Termina hoje (3), em Recife (PE), a 4ª Reunião da Rede Nacional de Inventário das Emissões de Gases de Efeito Estufa (GEE) do Setor de Resíduos Sólidos Urbanos. O principal objetivo do encontro é a preparação do 2º Inventário Nacional de Emissões Antrópicas de GEE. Durante o evento, será lançada a Rede Nordeste de Inventário de Emissão de GEE.
Os técnicos também discutem a metodologia empregada na elaboração dos Inventários Estaduais, com distribuição de material necessário para adesão e participação de todos os Estados que compõe a região Nordeste.
Hoje (3), os participantes conhecerão a experiência do Projeto Piloto para Recuperação Energética do Biogás no Aterro da Muribeca (Jaboatão/PE), de aproveitamento energético do biogás, e em seguida visitarão a célula experimental da Companhia Energética do São Francisco (Chesf), que utiliza biogás para geração de energia elétrica.
Rede
A Rede Nacional de Inventário de Emissões de GEE no setor de resíduos sólidos urbanos, efluentes industriais e esgotos domésticos foi criada a partir de convênio firmado entre o Ministério da Ciência e Tecnologia (MCT) e a Companhia de Tecnologia de Saneamento Ambiental (Cetesb), do estado de São Paulo.
Os objetivos da Rede são elaborar uma estimativa preliminar das emissões nacionais de GEE do setor tratamento de resíduos e revisar a estimativa preliminar das emissões de GEE do setor tratamento de resíduos, incorporando contribuições locais. Em seguida, a Rede elabora e publica o Relatório de Referência do Setor de Tratamento de Resíduos, que servirá de base para a preparação do Inventário Nacional de Emissões de Gases de Efeito Estufa, no período de 1990 a 2005.

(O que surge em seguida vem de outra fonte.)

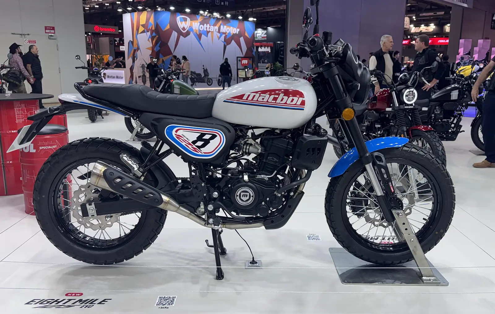 La Eight Mile 300 Concept annonce la future génération de scramblers de moyenne cylindrée de Macbor. Elle embarque un moteur monocylindre de 249,2 cm³, refroidi par eau, délivrant 26 ch à 9 000 tr/min et 21 Nm à 7 000 tr/min.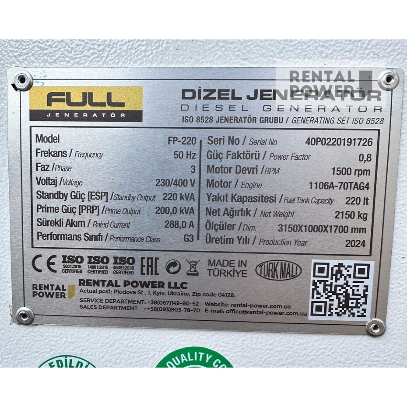 Модель дизельного генератора Full FP 220 (160 кВт) являє собою електростанцію, яка може стати відмінним рішенням у разі аварійного або планового відключення електроенергії у великих масштабах, наприклад, в офісах, магазинах, ресторанах, СТО. Також це обладнання можна купити для робіт на будівельних і ремонтних майданчиках, які знаходяться далеко від основної мережі.

A Rede Nacional quer incluir informações e parâmetros mais precisos e acurados sobre o tratamento e destinação final de resíduos e conseqüentes emissões de GEE’s nas regiões do Brasil. Este fato vem sendo impulsionado pela obtenção de Certificados de Emissões Reduzidas de GEE’s por meio de Projetos de Mecanismo de Desenvolvimento Limpo (MDL), viabilizando a implantação e operação de aterros sanitários e pela recuperação de áreas degradadas pela disposição inadequada dos resíduos.
A intenção da Rede é contribuir para a melhoria da sustentabilidade econômica e sócio-ambiental dos municípios. O encontro é realizado pelo MCT, Universidade Federal de Pernambuco (UFPE) e seu Grupo de Resíduos Sólidos (GRS) e governo de São Paulo.
Mudanças do clima
Como signatário da Convenção-Quadro das Nações Unidas sobre Mudanças do Clima, o Brasil apresentou, em 2004, seu primeiro Inventário Nacional de Emissões de Gases de Efeito Estufa (GEE) Não Controlados pelo Protocolo de Montreal. Na ocasião, foram abordadas as emissões dos principais GEE (CO2, CH4, N2O, HFCs, PFCs, SF6) e estimadas as emissões dos chamados GEE indireto, como os óxidos de nitrogênio (NOx), o monóxido de carbono (CO²) e compostos orgânicos voláteis não metânicos (NMVOCs).
A Convenção-Quadro das Nações Unidas sobre a Mudança do Clima (CQNUMC) é um tratado internacional que foi resultado da Conferência das Nações Unidas para o Meio Ambiente e o Desenvolvimento (Cnumad), informalmente conhecida como a Cúpula da Terra, realizada no Rio de Janeiro em 1992.
Este tratado foi firmado por quase todos os países e tem como objetivo a estabilização da concentração de gases do efeito estufa (GEE) na atmosfera em níveis que evitem a interferência perigosa com o sistema climático.